The Old Fashioned Way | |
---|---|
Directed by | William Beaudine |
Written by | Jack Cunningham W. C. Fields |
Produced by | William LeBaron |
Starring | W. C. Fields Joe Morrison Baby LeRoy Judith Allen Jan Duggan Tammany Young Nora Cecil Oscar Apfel |
Cinematography | Ben F. Reynolds |
Music by | John Leipold |
Production company | |
Distributed by | Paramount Pictures |
Release date |
|
Running time | 70 min. |
Country | United States |
Language | English |
In 1897, a blustery actor-manager, "The Great McGonigle" (W. C. Fields), and his traveling theater troupe is perpetually underfunded and always just a step ahead of the law and creditors. McGonigle's daughter Betty (Judith Allen) is loyal to her father, and she tries to discourage a suitor named Wally Livingston (Joe Morrison), telling him he should follow his own father's wishes and go to college instead of trying to become an actor. Along with the rest of the troupe is McGonigle's rather dim-witted assistant Marmaduke (Tammany Young).
Wally's wealthy father (Oscar Apfel) arrives in the town where the troupe is scheduled to perform a Victorian melodrama, William H. Smith's popular temperance play, The Drunkard. One of the players has resigned, and Wally wins the part, affording him a chance to act and also to perform a couple of songs in his strong tenor voice. His father is impressed by his son's talent, and his skepticism about Betty is eased when he learns that she has been trying to get Wally to return to college.
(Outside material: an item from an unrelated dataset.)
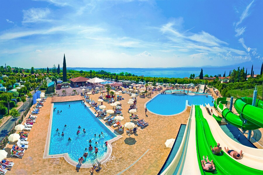 Het grote aquapark van deze Italiaanse camping heeft maar liefst vier zwembaden. De weg naar de zwembaden is niet moeilijk te vinden. Want de grote, kronkelende waterglijbanen steken boven alles uit. Dat wordt dus lekker glijden! De zwembaden van Camping Lido liggen tussen de wijngaarden en het Gardameer. Vanaf een van de ligstoelen kun je perfect genieten van het uitzicht. Vooral de bergen op de achtergrond zijn prachtig.

McGonigle has an eye on Cleopatra Pepperday (Jan Duggan), a wealthy and untalented widow, and her infant son (Baby LeRoy), and exploits her to stave off the local sheriff, who is Pepperday's boyfriend. To secure her support, McGonigle promises her a cameo role in The Drunkard, with one line: "Here comes the prince." The play has no reference to any prince of course, and act after act comes and goes with her rehearsing her line in fond hope, but her cue never comes. At the end of the play, distraught and crying, she goes off to get the sheriff. After the play concludes, McGonigle comes onstage and performs a juggling act.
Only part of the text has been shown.